- Born: Northern Cyprus
- Died: September 30, 2025 (aged 34–35) Gaza Strip, Palestine
- Cause of death: Israeli airstrikes
- Occupation: Freelance photojournalist
- Employer: TRT World
- Known for: Reporting during the Israel-Gaza conflict; killed while working

= Yahya Barzaq =

Palestinian freelance photojournalist

Yahya Barzaq (Arabic: يحيى برزق; died 30 September 2025), also known as Yahia Barzaq, was a Cypriot-Palestinian freelance photojournalist and newborn photographer from Gaza. He worked with TRT World among other outlets. Barzaq was killed in an Israeli airstrike in Deir al-Balah, central Gaza, while covering the impact of war on civilians.

== Life and work ==
Barzaq began his photography career doing newborn photography in Gaza City, capturing portraits of infants and family moments. Barzaq, along with his wife, established the Yahia Barzaq Newborn Studio in Gaza. Over time, especially after onset of escalated conflict, he shifted to photojournalism, documenting civilian life under bombardment, displacement, destruction, and the human cost of war. His work came to include images of airstrikes, destroyed infrastructure, and stories of survival.
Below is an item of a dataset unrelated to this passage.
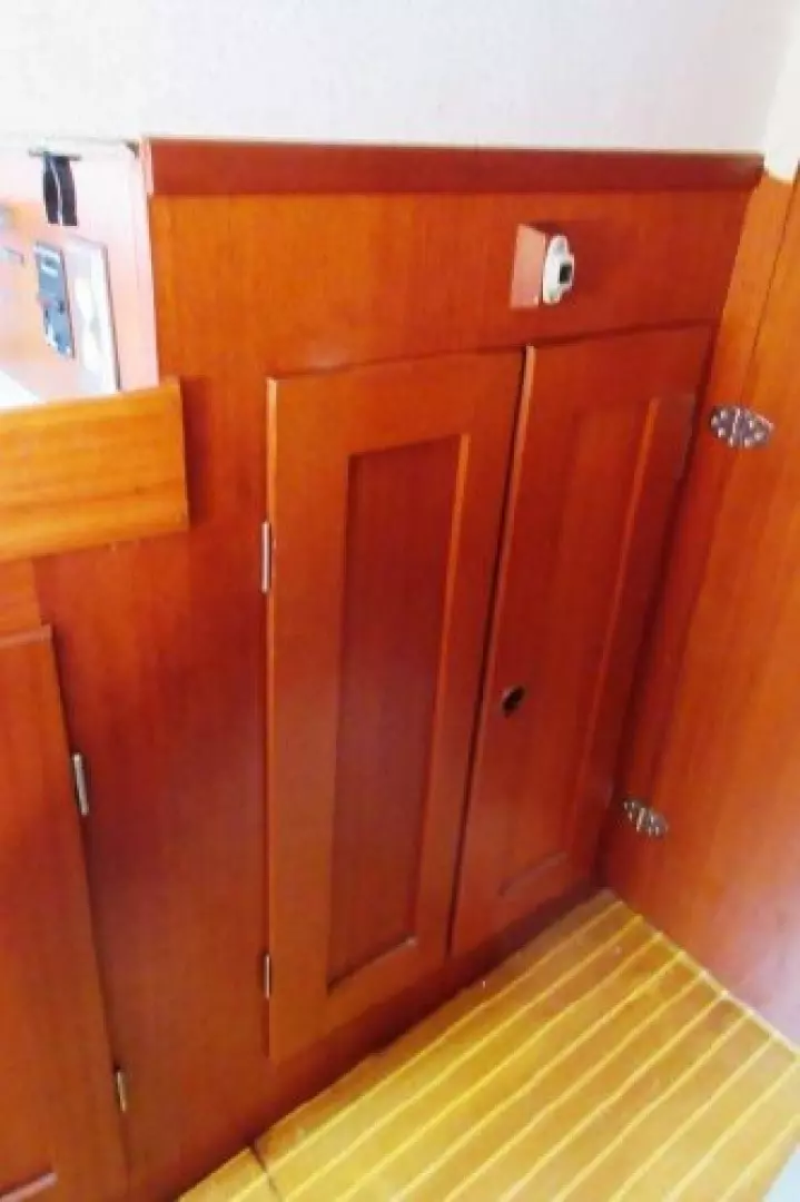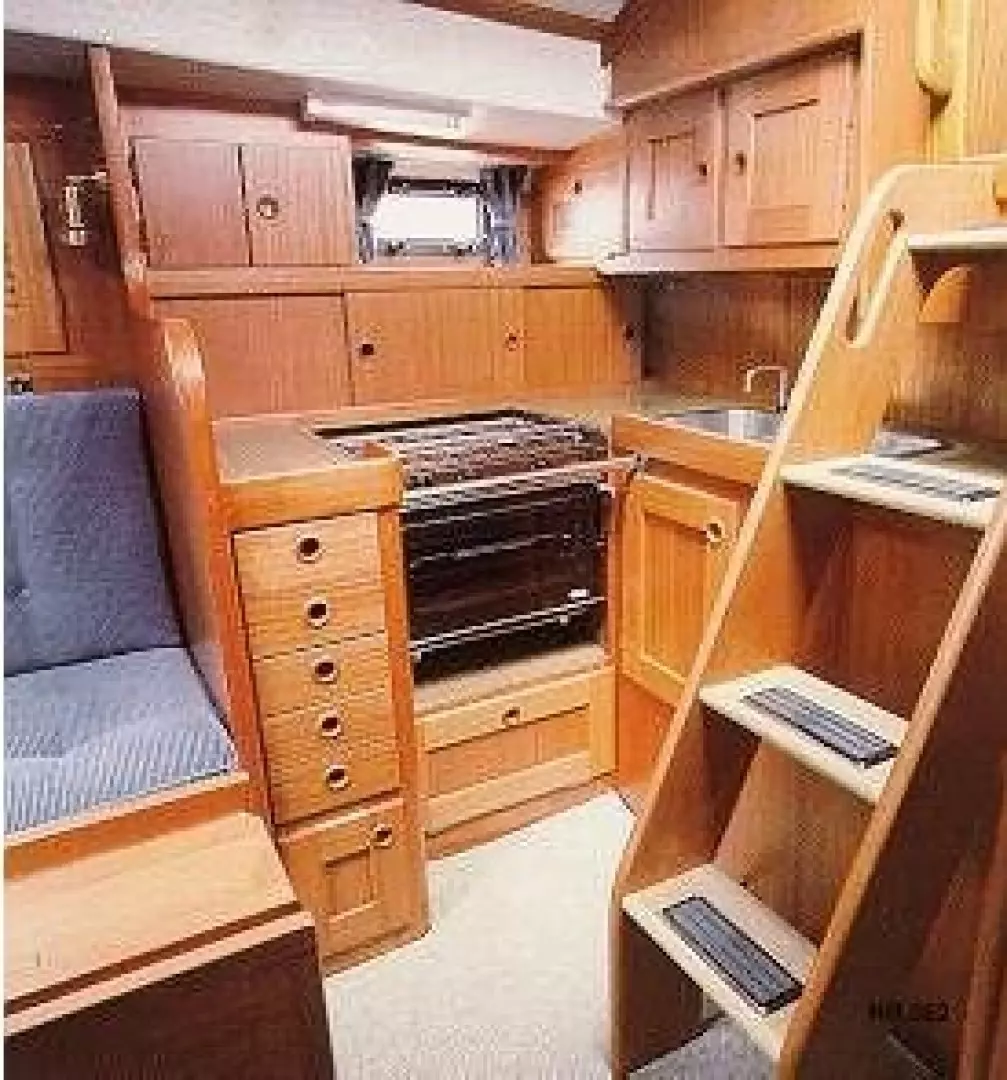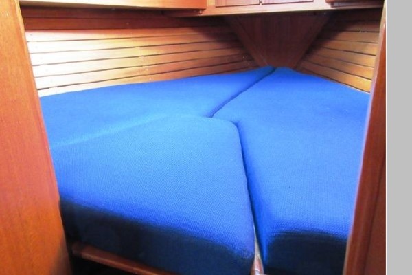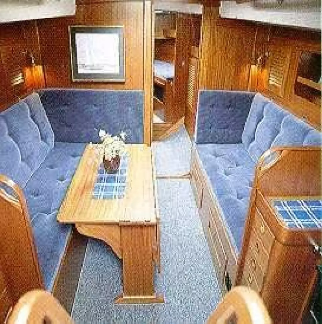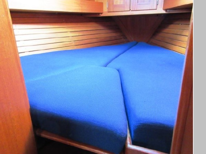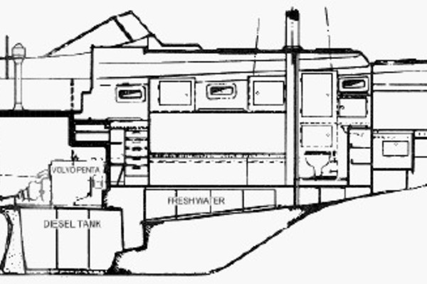 "Sleeps (7) in (3) cabins; V-berth forward with storage under & shelves outboard; Head next aft to port with marine toilet, porcelain wash basin, hot and cold pressure water, and shower with teak grate; (2) hanging lockers opposite to starboard; Salon has "L" shaped settee to port & straight settee to starboard; Shelves & lockers outboard of settees; Large centerline drop-leaf table with storage; "U" shaped Galley aft to starboard; Forward-facing Nav Station with chart locker & drawers opposite Galley to port; Passageway to Aft Cabin is to port and has a large top-loading icebox & lockers; Aft Cabin has a double berth to starboard, a single berth to port, drawers & shelves & an escape hatch to deck.

Barzaq was also of Turkish Cypriot descent through his grandmother, which allowed him to have Northern Cyprus citizenship.

He was known for having fled Gaza City due to safety concerns and displacement, yet continued to work, sharing his images on social media and for outlets including TRT. Barzaq also produced a documentary called Gaza Through My Lens with TRT.

Prior to his death, Barzaq contacted Cypriot news website, Bugun Kibris, to report about the situation in the Gaza Strip and expressed his frustration at Israel's orders to evacuate to southern Gaza.

== Death ==
On 30 September 2025, Barzaq was killed in an Israeli airstrike in Deir al-Balah, central Gaza. He was among several people killed in the strike, which reportedly hit a café and nearby carpentry workshop. Barzaq was in the area allegedly uploading footage, or had taken refuge there after leaving more heavily bombed areas. According to the Committee to Protect Journalists, the Israel Defense Forces sent an email through the North America Media Desk to the organization, stating that the attack targeted "a Hamas terrorist" and claimed that "the mentioned photographer was not the target of the strike."

TRT World, Qatar Press Center, and press-freedom organizations condemned the attack, highlighting the dangers faced by journalists in conflict zones and calling for accountability.